Type hints become the parameter schema. The docstring becomes the description. The function stays callable as plain Python — testable without invoking the model.

The minimum

from bridle import tool

@tool
def search(query: str) -> list[str]:
    """Search the web. Returns up to 10 result URLs."""
    return ["https://example.com/a", "https://example.com/b"]

That's it. search is now a Tool. Pass it to a step:

from bridle import step
from pydantic import BaseModel

class Source(BaseModel):
    url: str
    summary: str

sources = step(
    "find three sources on Mars weather",
    schema=list[Source],
    tools=[search],
)

The model sees search with its signature and docstring.

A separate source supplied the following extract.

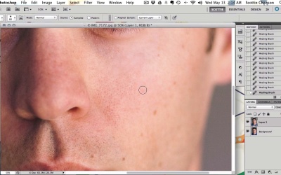 Headshot Photography. In this lesson, we're going to be doing something a little bit different. Instead of a high volume corporate shoot, this is the actors session that we shot in a previous lesson. And so as you can see, we have tons of images of Shane. But the good news is is, that by looking at the images earlier with Shane, we've already picked out our favorites, and we have them marked as blue. So here are the three images that we're going to be working with. Just like last time, the first thing that I like to do with my images, is start off by adding my Bright Grain preset. That just does the same thing. It gives me that consistent look that I can start, with and then I can tweak it from there. So, obviously, I feel like this is a little bit warm, so we're gonna make it a little bit cooler. We're gonna bring the temperature of the white balance down. I think that looks pretty good right there. A little green, so we'll bring it up a little bit redder here, a little more magenta. And it might even be a little bit bright. Let's see. That's, it's just a tiny bit. And I actually think I want it just a little bit cooler than that even. Right there, I think that's just about perfect. In our last lesson at this point, we just selected all of the images and synced to them, and then we were pretty much done. But because each of these photos was taken with slightly different light, we're gonna have to give each one its own attention. But just to start things off, I'm gonna go ahead and select them all, and sync them. Just because they are pretty close to each other. So let's see how close that got us. This one still looks pretty good. But it's not quite ready. So I'm gonna bring it up a little bit. Cuz I think it's a little dark. And I think it can even be a little bit cooler than the other one. And let's bring the shadows in just a little bit, to make it a little more dramatic since it is a theatrical headshot. And right there, I think that's perfect. And now, I'll move on to the next one. This one, the white balance is way off, because we shot this one with a flash, so we have a totally different color of light source, so we're gonna have to warm this one up quite a bit, probably around 5,600. That's perfect, and let's bring the brightness back up. Right there is great. Now I think I want it just a tiny bit warmer. And right there, that's perfect. All right, now all of my images are done. And all we have to do is go ahead and export them. Lets export them, find a Choose it and export. And once again we are just gonna have to sit and wait while Light Room does it's job. For three files it shouldn't take too long, it should be done in just a few minutes. Okay, so once we're done with Llight Room, we can go ahead and minimize that. And then what we wanna do, is go ahead and open up our files into Photoshop, to do the final retouching. For this lesson I'm only gonna do one of them. So we're gonna drag it over here into Photoshop. Go ahead and close that out. All right. So, there we have it. So the very first thing that we wanna do, is we wanna duplicate our layer. By hitting Cmd+J. And this way we can always go back, we can always delete this, and we always have the original sitting down here. Next we wanna go ahead and select the Healing Brush tool, and it's time to get some Retouching done. My theory when it comes to retouching is, I don't like to take away anything that's permanent. I only like to lessen red spots, and any blemishes that are temporary, and are gonna go away in a few days, anyway. So, let's go ahead and zoom in, and start to do some retouching. I like to get pretty close. I use the healing brush in the way that allows me to select the source, and then heal from there. [SOUND]. Here's some red spots here, we just kinda go all over the face. When you hit the space bar, it gives you this hand so you can move things around. And we just wanna go after any red spots, anything that is not permanent. One of the things you want to be careful of at this point is, if you grab from this blurry area right here, and then you try to do some healing of red spots right here, what you'll end up with is a spot where there's no pores, and that doesn't look natural. So we'll undo that. You want to make sure you are sampling from an area that has a very similar texture to the area that you're going to be trying to cover up. So you just kind of keep doing this all over the face, any little red spots. See these here, they look like permanent spots to me, so I'd probably leave those, unless the actor asked me specifically to take them out. But then this one here looks like it's not permanent. We'll just kind of smooth some of this out. And we just kind of keep going, keep going. I like to zoom out every once in awhile, just to kinda get an overall view of it. And make sure I'm not kinda losing the texture of the skin, and I'm not getting too crazy with it. Back in, this spot here needs a little bit bigger. So we'll kinda lessen that a little bit. I feel like we've got some bigger spots up here. So, the next step is to go ahead and do some dodging and burning. And there's a million ways to do this, but the way I like to do it is to create a curves layer. And then I will duplicate that curves layer. We'll call this one Dodge. And we'll call this one Burn. And on the Dodge layer, I'm gonna take my midtones or just above, and go ahead and bring up the brightness. I wanna bring it up to just the point where the highlights kinda start to. Look a little bit crazy. That looks perfect. And then I'm gonna go ahead and fill this with black, so that we don't see it, and then I'll go to my burn layer, and basically do the opposite. I'm gonna go down here towards the shadows, and bring those down just a little bit, till they start to look kind of bad. Almost. Right there. And then once again, the same thing, we're gonna fill this with black so that you can't see it. And now what we're gonna do, is we're gonna be

It can call it any number of times before producing the final value via __bridle_return__.

What gets extracted

  • name. The function's __name__ unless you pass name="...".
  • description. The first paragraph of the docstring, or the function name if there's no docstring.
  • parameters_schema. A JSON Schema built from the type hints via Pydantic's create_model. Defaults are honored. *args and **kwargs are skipped.
@tool(name="lookup", description="Look up a record by id.")
def get_record(record_id: str, full: bool = False) -> dict:
    ...

Tools as plain callables

A Tool is callable. Unit-test it without going near the model:

def test_search_returns_urls():
    results = search("Mars weather")
    assert all(r.startswith("http") for r in results)

This works because Tool.__call__ forwards to the underlying function. The model layer is not involved.

Returning structured data

Return whatever JSON-serializable value makes sense — strings, lists, dicts, Pydantic models. Bridle JSON-encodes it before handing it to the model:

@tool
def stock_price(ticker: str) -> dict:
    """Look up the current price for a ticker."""
    return {"ticker": ticker, "price": 199.42, "currency": "USD"}

For complex returns, a Pydantic model is clearer than a hand-built dict:

class Quote(BaseModel):
    ticker: str
    price: float
    currency: str

@tool
def stock_price(ticker: str) -> Quote:
    """Look up the current price for a ticker."""
    return Quote(ticker=ticker, price=199.42, currency="USD")

Errors

Two modes — recoverable and fatal — controlled by raise_on_error.

Default (raise_on_error=False): an exception inside the tool becomes a tool-result error fed back to the model. The model can adjust and retry. Useful for "this query returned nothing — try a different one":

@tool
def search(query: str) -> list[str]:
    """Search the web. Returns up to 10 result URLs."""
    if not query.strip():
        raise ValueError("Empty query")  # model sees the error, retries
    return _real_search(query)

raise_on_error=True: an exception becomes ToolExecutionError, abandoning the step. Use for failures that should stop the run:

@tool(raise_on_error=True)
def charge_card(amount: float, token: str) -> str:
    """Charge a card. Side-effecting; do not retry on error."""
    return _gateway.charge(token, amount)

What the model sees

For each tool, the model sees:

  • The name.
  • The description (first paragraph of the docstring).
  • A JSON Schema for the parameters.

It does not see your function body. Treat the docstring as the contract — it is the only documentation the model has. Be precise about what the tool returns and when to use it.

Pitfalls

Vague docstrings. "Search." vs "Search the web for academic papers. Returns up to 20 results, each a JSON object with title, authors, year, abstract." The second one gets called correctly. The first one gets called wrong.

Tools that should be steps. "Summarize this text" is not a tool — it's a step. Use a tool for I/O the model cannot do (search, lookup, calculation against external data). Use a step for transformations the model itself performs.

Side effects without raise_on_error=True. A tool that charges a card or sends an email and silently swallows errors will get retried. Make destructive tools loud.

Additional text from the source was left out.